O deputado federal Ivan Valente apresentou nesta quarta-feira (14/04) requerimento à Comissão de Defesa do Consumidor da Câmara para a realização de uma audiência pública sobre a contaminhação de alimentos no país. Pesquisas mostram que mais de 80% da produção nacional de alimentos apresentam resíduos de agrotóxicos. Segundo a Anvisa (Agência Nacional de Vigilância Sanitária), 20% das amostras em nível nacional apresentam índices de contaminação acima do permitido para a preservação da saúde da população.
Sob protesto dos ruralistas, a Anvisa está reavaliando a comercialização de 14 tipos de agrotóxicos no país. Tratam-se de produtos já proibidos em muitos países, como os Estados Unidos, Argentina e na União Européia, por terem sido responsáveis pela contaminação de alimentos, de trabalhadores rurais e do meio ambiente, causando o envenenamento dos consumidores, a morte de trabalhadores e a destruição da vida animal e vegetal. O uso de alguns desses produtos pode afetar os sistemas nervoso, gastrointestinal, circulatório, imunológico e endócrino. Pode ainda irritar os olhos, a pele e até provocar câncer.
A medida tem enfrentado a resistência da indústria de agrotóxicos, do agronegócio e também da bancada ruralista. O Brasil é o maior mercado de agrotóxicos do mundo e representa 16% da sua venda mundial. Em 2009, foram vendidas aqui 780 mil toneladas, com um faturamento estimado da ordem de oito bilhões de dólares. Ao longo dos últimos 10 anos, na esteira do crescimento do agronegócio, esse mercado cresceu 176%, quase quatro vezes mais que a média mundial, e as importações brasileiras desses produtos aumentaram 236% entre 2000 e 2007. As 10 maiores empresas do setor de agrotóxicos do mundo concentram mais de 80% das vendas no país.
Ou seja, a medida da Anvisa enfrenta interesses poderosos, que contam com o apoio do governo federal através do Ministério da Agricultura. Para Ivan Valente, não bastassem todos os problemas de concentração de terra e destruição do meio ambiente, constata-se agora, de forma científica, que o modelo brasileiro de produção agrícola também vem sendo responsável por um dos maiores crimes contra a nossa população.
“O Sindicato das Indústrias de Defensivos Agrícolas recorreu até ao Judiciário para impedir que os resultados da reavaliação da Anvisa sejam publicados. Já o Ministério da Agricultura quer retirar da Anvisa sua prerrogativa de fiscalizadora do setor, entregando para os representantes dos ruralistas que ali estão instalados a tarefa de avaliar e registrar agrotóxicos no país. Será a raposa cuidando do galinheiro”, disse Ivan Valente.
“Na verdade, como afirma uma série de pesquisadores brasileiros, com as proibições dos EUA e União Européia, as transnacionais começaram a despejar seu lixo tóxico aqui no Brasil.

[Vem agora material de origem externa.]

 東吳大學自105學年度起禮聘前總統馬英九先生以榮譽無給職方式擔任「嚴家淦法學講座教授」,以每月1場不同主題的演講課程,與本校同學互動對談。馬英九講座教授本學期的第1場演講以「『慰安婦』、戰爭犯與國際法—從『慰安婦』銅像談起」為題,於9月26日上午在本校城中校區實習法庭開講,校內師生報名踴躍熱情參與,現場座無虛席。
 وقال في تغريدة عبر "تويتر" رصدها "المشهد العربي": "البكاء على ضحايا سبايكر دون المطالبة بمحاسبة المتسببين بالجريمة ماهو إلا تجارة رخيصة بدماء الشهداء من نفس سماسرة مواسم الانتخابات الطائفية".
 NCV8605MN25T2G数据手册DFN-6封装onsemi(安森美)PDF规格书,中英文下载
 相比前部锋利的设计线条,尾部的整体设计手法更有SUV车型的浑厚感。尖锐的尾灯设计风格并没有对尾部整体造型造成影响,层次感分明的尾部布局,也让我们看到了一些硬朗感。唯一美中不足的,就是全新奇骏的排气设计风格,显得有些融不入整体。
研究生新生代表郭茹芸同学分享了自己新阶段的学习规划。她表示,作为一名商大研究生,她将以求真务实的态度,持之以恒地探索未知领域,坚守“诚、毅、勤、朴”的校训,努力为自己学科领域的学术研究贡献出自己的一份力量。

Os agrotóxicos que as empresas não conseguem vender lá fora, que têm indicativo de problemas, agora são empurrados pra nós, resultando não apenas na potencialização de ameaças de contaminação, mas em mortes confirmadas pelo uso desses produtos”, acrescentou.

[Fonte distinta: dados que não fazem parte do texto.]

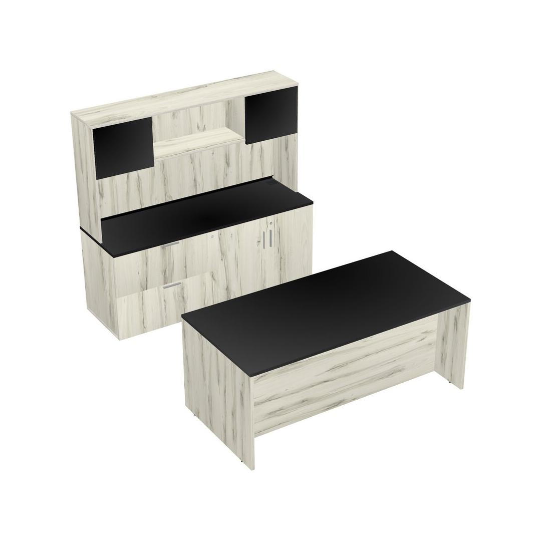 Bureau Parallèle Noir Avec Rangement Latéral Combiné + Tiroirs Mobiles En Bois + Clapier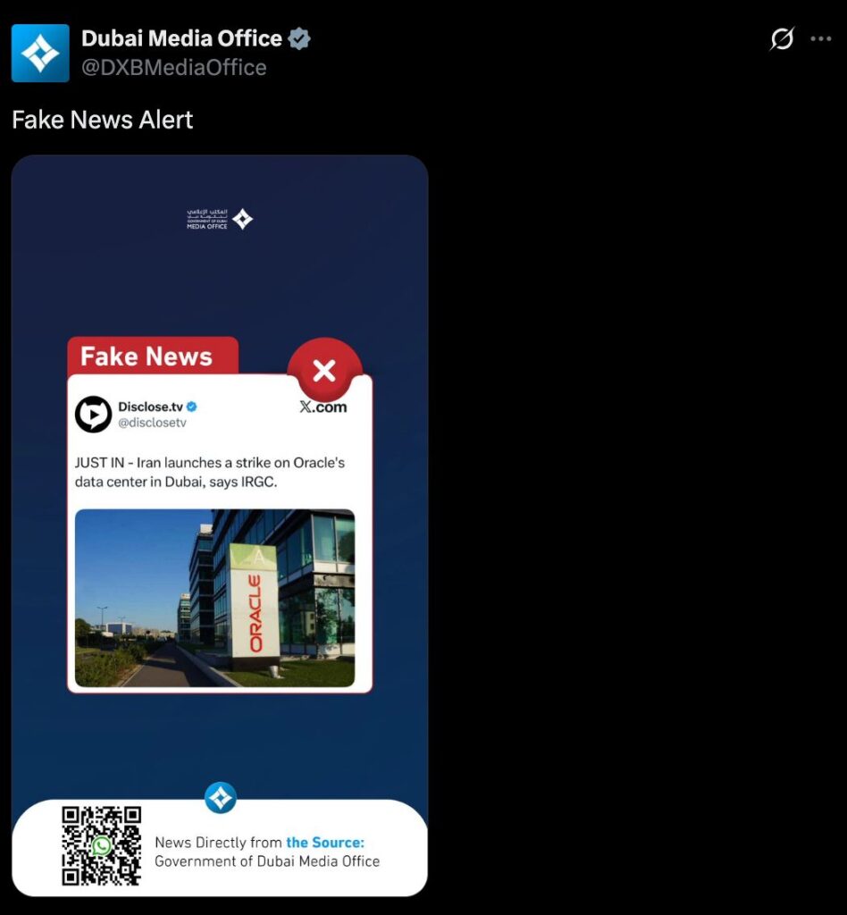 Posted onApril 3, 2026inWorld TITLE: Dubai Denies Reports of IRGC Strike on Oracle’s Data Center, Tensions Between UAE and Iran Remain High

Em 2005, a OIT (Organização Internacional do Trabalhado) e a OMS (Organização Mundial da Saúde) estimaram em 7 milhões o número de casos agudos e de longo prazo de contaminação, e em 70 mil o número de mortes provocadas por agrotóxicos a cada ano em todo o planeta, sobretudo nos países mais pobres. Numa petição ao Ministério Público, o deputado federal Adão Preto já havia denunciado a morte de 5 mil trabalhadores rurais por ano no Brasil em função da contaminação com os agrotóxicos.
Caso o requerimento seja aprovado na Comissão de Defesa do Consumidor, serão convidados para a audiência pública representantes do IDEC (Instituto de Defesa do Consumido), do SINDAG (Sindicato das Indústrias de Defensivos Agrícolas), da ABRANDH (Ação Brasileira pela Nutrição e Direitos Humanos); Agenor Álvares, Diretor da Agência Nacional de Vigilância Sanitária; e Rosany Bochner, especialista em toxicologia da FIOCRUZ (Fundação Instituto Osvaldo Cruz).